-------- RECORDS PROVIDED

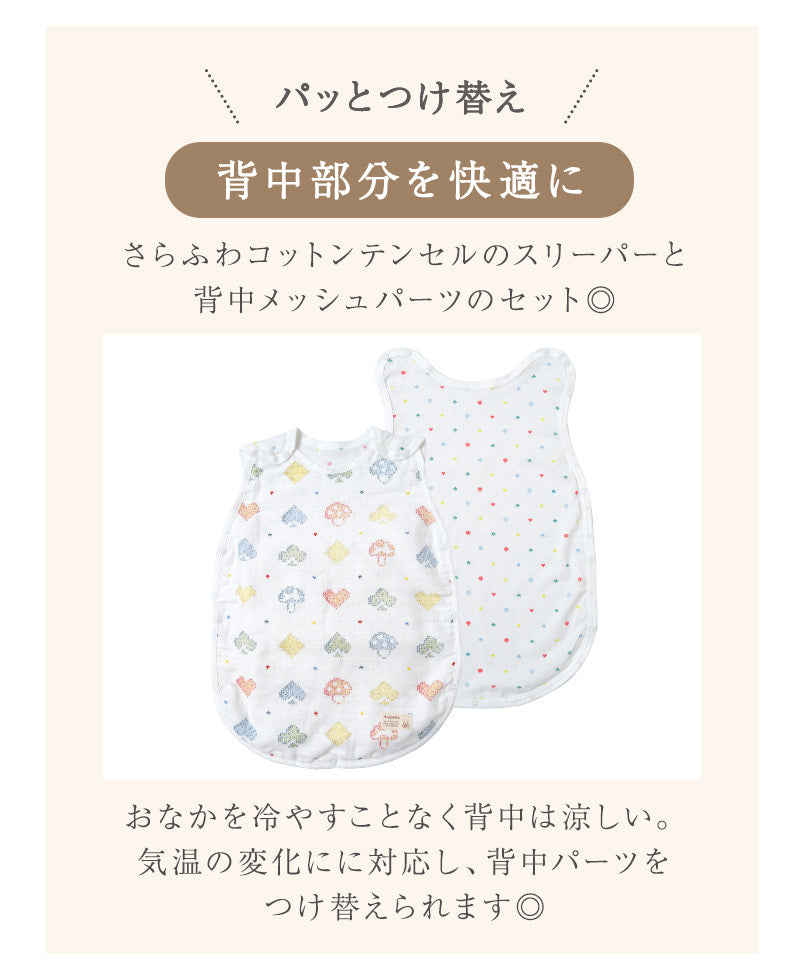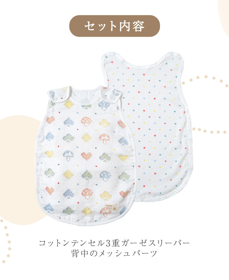 | 【3重ガーゼスリーパー】 ・寝冷え防止、お風呂上がりの湯冷め防止に。 ・出産祝い、誕生日ギフトにもおすすめ。 【メッシュパーツ】 ・寝苦しい夜やあせも対策に。 |
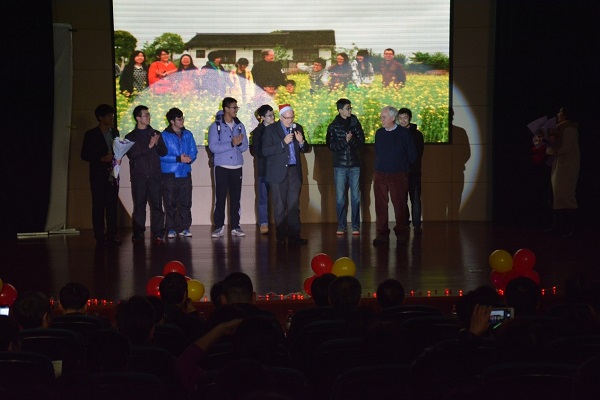 之后朱松明副院长致辞,为全场师生送上了晚会的第一个祝福。在致辞中,朱院长总结并肯定了2015年学院的工作成绩,并且对2016年学院做出殷切展望和期待。
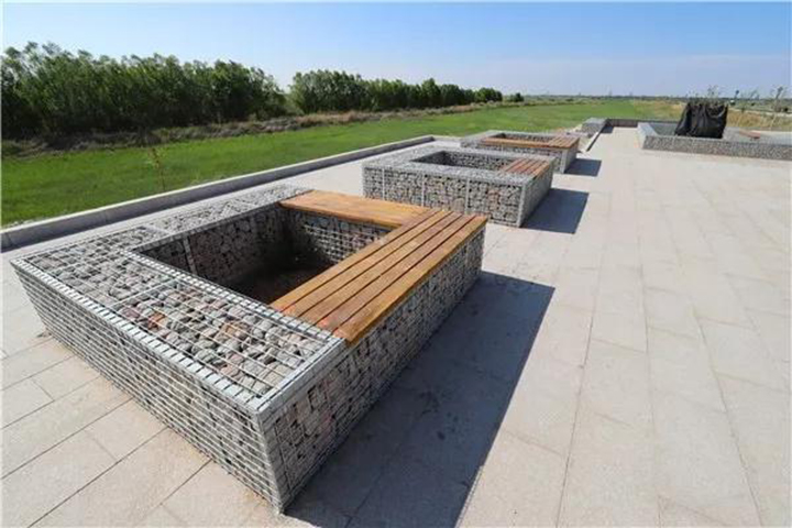 ▲蒙草烏海龍游灣項(xiàng)目的標(biāo)準(zhǔn)石籠休息凳
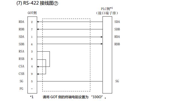 三菱觸摸屏你可以使用RS422的口,里面端子定義和接線如圖,接線完成后進行觸摸屏內部設置,通訊方式配置成RS-422/RS485就可以了,希望可以幫到您
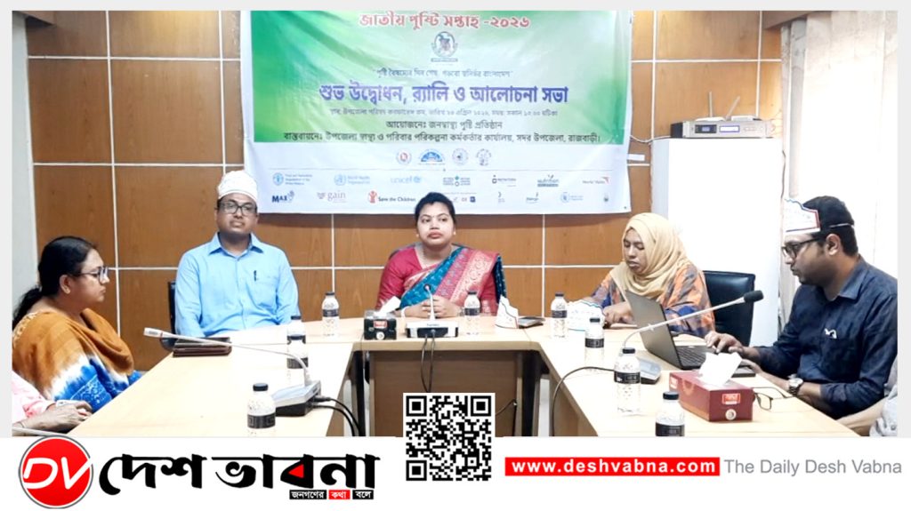 “পুষ্টি বৈষম্যের দিন শেষ, গড়বো স্বনির্ভর বাংলাদেশ” এই স্লোগানকে সামনে রেখে রাজবাড়ী সদর উপজেলায় বর্ণাঢ্য আয়োজনে জাতীয় পুষ্টি সপ্তাহ-২০২৬ এর শুভ উদ্বোধন করা হয়েছে।

----------------

### EXERCISE AIM
Return the listing above unaltered, omitting its pictures.

### OUTPUT OF THE TASK
 | 【3重ガーゼスリーパー】 ・寝冷え防止、お風呂上がりの湯冷め防止に。 ・出産祝い、誕生日ギフトにもおすすめ。 【メッシュパーツ】 ・寝苦しい夜やあせも対策に。 |
 之后朱松明副院长致辞,为全场师生送上了晚会的第一个祝福。在致辞中,朱院长总结并肯定了2015年学院的工作成绩,并且对2016年学院做出殷切展望和期待。
 ▲蒙草烏海龍游灣項(xiàng)目的標(biāo)準(zhǔn)石籠休息凳
 三菱觸摸屏你可以使用RS422的口,里面端子定義和接線如圖,接線完成后進行觸摸屏內部設置,通訊方式配置成RS-422/RS485就可以了,希望可以幫到您
 “পুষ্টি বৈষম্যের দিন শেষ, গড়বো স্বনির্ভর বাংলাদেশ” এই স্লোগানকে সামনে রেখে রাজবাড়ী সদর উপজেলায় বর্ণাঢ্য আয়োজনে জাতীয় পুষ্টি সপ্তাহ-২০২৬ এর শুভ উদ্বোধন করা হয়েছে।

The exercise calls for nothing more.